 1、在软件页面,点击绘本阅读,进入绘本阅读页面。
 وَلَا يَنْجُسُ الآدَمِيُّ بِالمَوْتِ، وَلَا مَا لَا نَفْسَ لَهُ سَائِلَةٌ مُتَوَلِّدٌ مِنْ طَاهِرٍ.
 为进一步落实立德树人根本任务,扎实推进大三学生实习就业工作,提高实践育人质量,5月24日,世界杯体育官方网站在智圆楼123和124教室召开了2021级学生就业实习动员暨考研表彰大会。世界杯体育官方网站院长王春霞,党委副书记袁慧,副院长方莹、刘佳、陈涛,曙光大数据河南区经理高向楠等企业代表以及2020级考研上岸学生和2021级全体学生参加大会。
- - -
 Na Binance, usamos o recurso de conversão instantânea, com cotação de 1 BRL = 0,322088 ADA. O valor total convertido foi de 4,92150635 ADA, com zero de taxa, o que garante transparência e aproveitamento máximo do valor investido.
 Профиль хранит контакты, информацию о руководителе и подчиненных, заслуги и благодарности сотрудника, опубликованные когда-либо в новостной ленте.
- - -
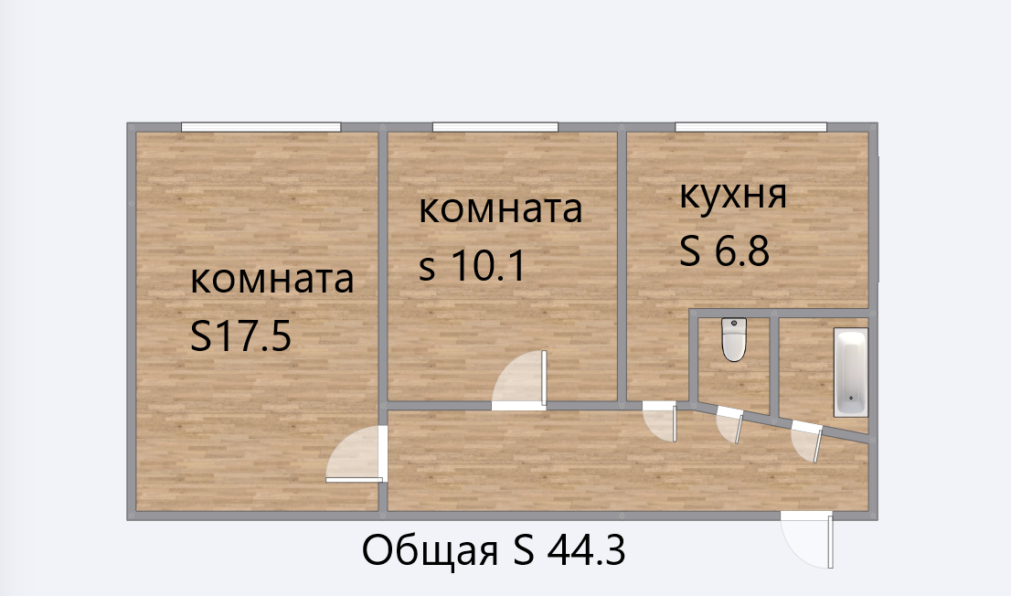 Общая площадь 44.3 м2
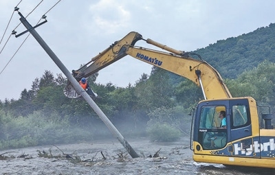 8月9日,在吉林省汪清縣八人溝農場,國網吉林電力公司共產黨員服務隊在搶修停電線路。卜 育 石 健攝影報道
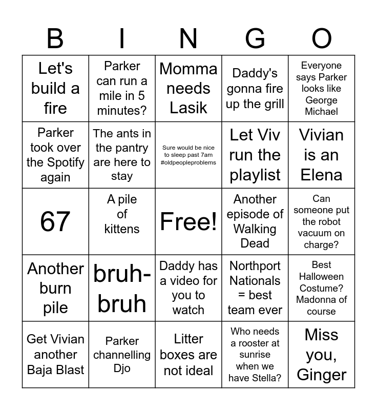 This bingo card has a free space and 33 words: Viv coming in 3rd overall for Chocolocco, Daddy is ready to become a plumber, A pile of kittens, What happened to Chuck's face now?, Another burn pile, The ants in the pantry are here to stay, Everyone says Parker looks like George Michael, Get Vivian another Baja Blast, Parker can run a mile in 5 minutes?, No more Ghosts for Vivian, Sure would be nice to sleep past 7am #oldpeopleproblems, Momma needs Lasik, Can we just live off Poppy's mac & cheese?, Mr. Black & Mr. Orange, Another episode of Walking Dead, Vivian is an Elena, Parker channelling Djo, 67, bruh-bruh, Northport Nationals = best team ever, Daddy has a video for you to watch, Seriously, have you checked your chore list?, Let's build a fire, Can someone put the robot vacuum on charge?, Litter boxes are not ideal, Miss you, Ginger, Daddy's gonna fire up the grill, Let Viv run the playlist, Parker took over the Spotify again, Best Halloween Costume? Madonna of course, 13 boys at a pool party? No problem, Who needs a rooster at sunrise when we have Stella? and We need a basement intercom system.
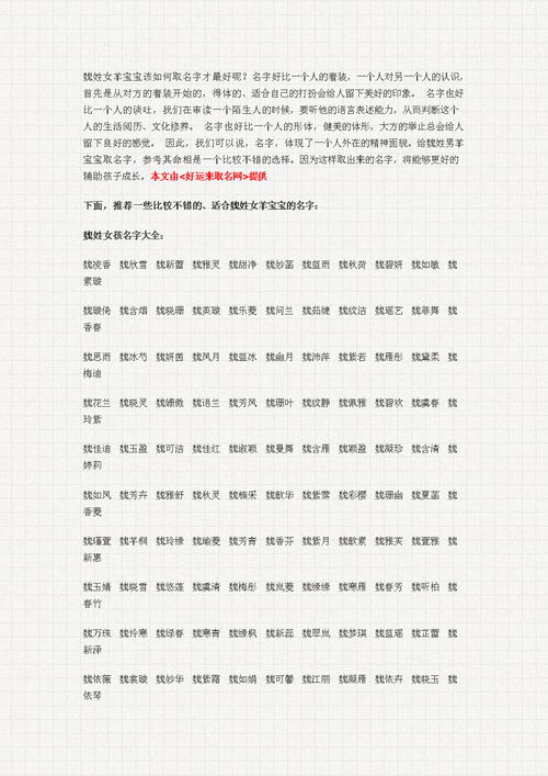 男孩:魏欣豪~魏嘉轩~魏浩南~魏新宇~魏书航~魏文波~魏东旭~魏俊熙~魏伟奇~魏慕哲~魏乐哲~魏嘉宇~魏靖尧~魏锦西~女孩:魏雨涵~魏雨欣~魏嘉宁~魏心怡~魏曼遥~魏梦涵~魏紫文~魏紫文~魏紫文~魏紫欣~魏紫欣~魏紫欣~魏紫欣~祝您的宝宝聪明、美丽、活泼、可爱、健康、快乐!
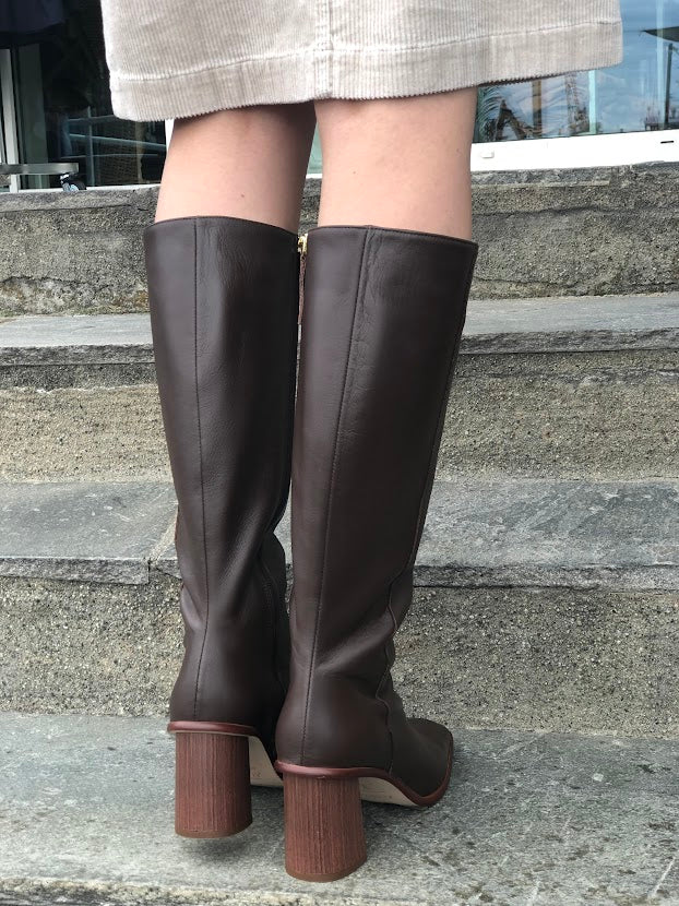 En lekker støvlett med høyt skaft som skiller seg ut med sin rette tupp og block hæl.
- - -
## INSTRUCTIONS TO FOLLOW
From the material above, reproduce only what runs from the line holding "男孩:魏欣豪~魏嘉轩~魏浩南" down to the line holding "En lekker støvlett", both included, pictures excluded.

## ANSWER FOR THE TASK
 男孩:魏欣豪~魏嘉轩~魏浩南~魏新宇~魏书航~魏文波~魏东旭~魏俊熙~魏伟奇~魏慕哲~魏乐哲~魏嘉宇~魏靖尧~魏锦西~女孩:魏雨涵~魏雨欣~魏嘉宁~魏心怡~魏曼遥~魏梦涵~魏紫文~魏紫文~魏紫文~魏紫欣~魏紫欣~魏紫欣~魏紫欣~祝您的宝宝聪明、美丽、活泼、可爱、健康、快乐!
 En lekker støvlett med høyt skaft som skiller seg ut med sin rette tupp og block hæl.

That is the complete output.